[EAS] Oroville Dame Evacuation

Sean Donelan sean at donelan.com
Mon Feb 13 15:29:25 CST 2017


Let's start with FCC Commissioner Ajit Pai (now FCC Chairman) statement 
about the over-alerting topic, in particular flash flood warnings.

https://apps.fcc.gov/edocs_public/attachmatch/FCC-16-127A5.pdf

    For instance, as Louisiana was drenched by catastrophic floods this
    August, officials used WEA to send out at least six flash flood alerts.
    But as the FCC's Communications Security, Reliability and
    Interoperability Council (CSRIC) determined, the alerts "went un-heeded
    by tens of thousands" of people.  Residents ignored the messages
    because they had previously received flood alerts that only applied to
    homes located within a traditional flood zone. According to CSRIC, this
    time around people "assumed the alert was not for them since their home
    had never flooded before." In the end, over 30,000 people had to be
    rescued.

Major broadcast groups of radio and TV stations, as well as major cable 
systems, tend to react to problems across their entire corporations; not 
by looking a single county or a single weather office.  And since EAS is 
mostly automated, no human reads individual EAS messages from the weather 
service.  So when NWS offices anywhere in the country send lots EAS 
messages for low-impact events, EAS participants tend to ignore that EAS 
event code as "low-impact, high-annoyance."

In other words, because the boy that cried wolf too often elsewhere in the 
country, it has an impact on broadcast and cable systems EAS participation 
everywhere in the nation.

On the other hand, I think major broadcast and cable groups are willing to 
configure EVI (Immediate Evacuation) for automatic, immediate forwarding 
because EVI is used infrequently, and almost only for imminent, 
life-threatening events.
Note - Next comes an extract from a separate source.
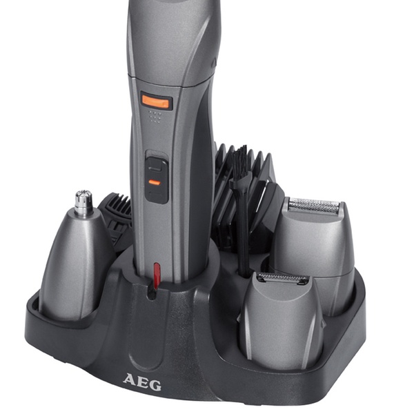 De AEG BHT 5640 4-in-1 trimmer is een alles-in-één apparaat: tondeuse, scheerapparaat, baard- neushaar en oorhaartrimmer.

If EVI was used for non-imminent messages, e.g. 
information about ferry service tomorrow, they stop forwarding EVI also.

On Mon, 13 Feb 2017, Alexander Tardy - NOAA Federal wrote:
> I looked at the particular office in this discussion and it has issued 
> one (1) flash flood warning (EAS/WEA) in 2017 with places north of the 
> Oroville Dam having received 110 inches of rainfall since October 1. I 
> looked back in 2015 and 2016 and the total was 5 and 4 each year for 
> that office.
>
> How is 1 FFW message in 2017, for the structural issues of Oroville Dam 
> within the counties evacuation orders, over warning or not helpful or 
> not worthy to broadcast?
>
> Yes, I am aware of the monsoon season in southern California which is 
> entirely different scope both spatially and temporal often having 10s of 
> individual real flash flood events requiring separate notification 
> through out July to September season. The fact that the entire county 
> and thus the listening area in the counties (large or small) gets an 
> EAS message is the old part of the process. Yes we have work to fix the 
> challenge of a different climate and impact for Socal, but using this as 
> a reason to not forward messages on a completely unrelated
> matter is not public service.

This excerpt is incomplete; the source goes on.